Indebted shipbuilder is at risk as corporate bonds near maturity
Mar 10,2017
The Financial Services Commission, the country’s financial regulator, said Wednesday that it will address the aggravating liquidity crunch at debt-ridden Daewoo Shipbuilding and Marine Engineering with a new state-backed bailout plan.

Multiple media outlets reported that the government would inject another 2 trillion won ($1.7 billion) on top of a previous 4.2 trillion won fund, but the Financial Services Commission said it had yet to hammer out the details.

“We have not yet decided whether we will offer additional funding, nor have we settled on an amount,” a source at the commission’s financial and corporate restructuring policy bureau said. “But it is true that we intend to come up with ways to ease the liquidity issue.”

The move comes as DSME’s hundreds of billions of won in corporate bonds are about to reach their maturity this year. The most impending deadline is April, when 440 billion won are due to mature, followed by another 300 billion won in July and 200 billion won in November.

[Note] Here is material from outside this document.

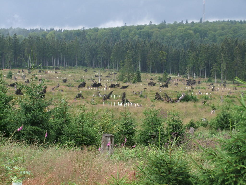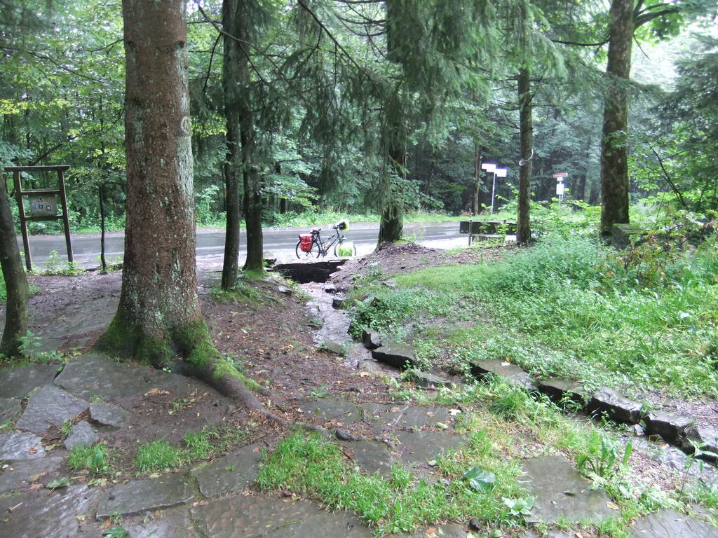 Deutschland Ost-WestZittau - AachenTag 11: Cölbe - Siegen Truppach - 20.07.2012Couchsurfing... In dieser Nacht hatte ich sehr schlecht geschlafen, da halbstündlich eine Bahn am Haus entlang fuhr. Deshalb stand ich schon um 7 Uhr auf und saß eine Stunde später bereits auf dem Rad. Zunächst lief es überraschend gut. Zum ersten Mal auf der Tour hatte ich keinen Gegenwind und es war flach. Nur der Regen blieb mir mal mehr, mal weniger, erhalten. Um 10 Uhr war ich in Biedenkopf und schon um 11Uhr in Bad Laasphe. Hier legte ich erst mal eine gemütliche Pause ein und erkundigte mich in der Touristeninformation nach dem besten Weg nach Siegen. Mit dem Gedanken, am frühen Nachmittag in Siegen zu sein, ging es weiter. Ich fuhr den D 4 Weg weiter bis Banfe. Im Ort mußte ich den Abzweig in Richtung Lahnquelle etwas suchen. Freudingen war ausgeschildert, aber das war die falsche Richtung. Ein freundlicher Dorfbewohner erklärte mir, daß der Weg richtig sei und er sich später teilen würde. Ich müsse nur noch erst einen Berg hinauf. Die Straße sei aber in schlechtem Zustand, womit er absolut recht hatte. Stundenlang quälte ich mich zur Lahnquelle hoch, meistens schiebend. Wenn es zwischendurch mal ein kurzes Stück bergab ging, konnte ich aber auf Grund der miserablen und nassen Straße, mein Rad nur mit angezogenen Bremsen rollen lassen. An der Lahnquelle kam es dann zum Frustessen in Form eines leckeren Stück Apfelkuchens mit Kakao. Die Bedienung erklärte mir auf meine Frage nach dem Weg nach Netphen, ich müsse nur noch ca. drei Kilometer geradeaus bis zur Siegquelle, dann zur Ederquelle, dann hinunter an der Obernautalsperre vorbei und schon wäre ich in Netphen. Es klang ganz einfach. Die schnurgerade Straße zur Siegquelle war zwar nicht mehr ganz so steil, wie der Weg vorher, aber trotzdem mußte ich ab und zu schieben. Hier oben, auf der Eisenstraße konnte man noch deutlich die Schäden, die der Sturm Kyrill vor fünf Jahren hinterlassen hatte, erkennen. An der Siegquelle wurden ein paar Fotos geschossen und wenige Meter weiter war auch schon die Ederquelle. Dann ging es, so schnell die schlechte Straße es erlaubte, den Berg hinab. Unten angekommen, als ich das Schild: Lützel las, kam das böse Erwachen. Ich war zu weit geradeaus gefahren. Ich hätte heulen können. Einige Male fuhr ich die Straße auf und ab, aber nirgends entdeckte ich eine Möglichkeit, ohne großen Umweg, oder ohne den Berg wieder hinauf zu müssen, nach Siegen zu gelangen. Ein freundlicher Mann erklärte mir dann einen ziemlich direkten Weg nach Netphen. Das war der absolut schwierigste und steilste Weg, den ich jemals im Leben mit einem Fahrrad bewältigt hatte. An fahren war nicht zu denken, aber Hauptsache, ich kam heil unten an. Ich mußte beide Bremsen ziehen und mich gegen mein Rad stemmen, um auf den steilen und rutschigen Waldweg, der mit großen Steinbrocken übersäht war, heil ins Tal zu kommen. Trotzdem war ich froh, daß ich diesen Weg gefunden hatte. Nach 20 Minuten Kraftanstrengung und der Befürchtung: "wenn ich mir hier die Füße verknackse und ich liegen bleibe, findet mich niemand", hatte ich es geschafft. Das war noch mal gut gegangen! Nun ging es von Afholdersbach weiter bis Netphen und auf der Bundesstraße in Richtung Siegen. Ab der Universität war die Straße für Radfahrer verboten. Ohne nennenswerte Umwege gelangte ich dann kurz darauf zur Innenstadt. Hier traf ich nach einem kurzen Telefonat Uta, eine "alte" Bekannte, die ich schon einige Jahre nicht mehr gesehen hatte. Die Wiedersehensfreude war groß. Wir tranken in einem Straßencafe erst mal ein Bier. Eine nette Nachbarin kam wenig später hinzu. Es gab viel zu erzählen. Nach einer Weile fuhren die beiden mit dem Bus zur Wohnung und ich kam mit dem Rad nach. Nachdem ich mich frisch gemacht hatte, ging es mit Uta zu einer netten Dorfgaststätte in der Nachbarschaft. Dort verbrachten wir einen lustigen und geselligen Abend gemeinsam mit einigen netten Freunden von ihr.

DSME must pay back at least 1.6 trillion won in debt, including corporate bonds and promissory notes, by the end of 2018.

Lee Dong-geol, chairman of the state-run Korea Development Bank, said the first priority is to secure the payment and stressed that no more taxpayer money should be put into DSME’s restructuring efforts. Korea Development Bank is the main creditor of DSME.

“We’ll look into different ways,” he said, “but the basic stance is that under no circumstance should more taxpayer money be spent on DSME.”

Observers see Lee’s comments as directed at commercial banks that are also creditors. Korea Development Bank and the Financial Services Commission hoped that the banks would shoulder the burden of bailing out DSME, but so far, most of the funding has primarily come from the state-run Korea Development Bank and Export-Import Bank of Korea.

The shipbuilder has already spent a majority of the 4.2 trillion won in state support, but it’s still showing little sign of recovery. The funds were decided on the assumption that the troubled shipbuilder would achieve yearly orders of 11 billion won, but DSME’s actual performance in 2016 stood at 13.6 percent of the estimation, causing further capital shortage.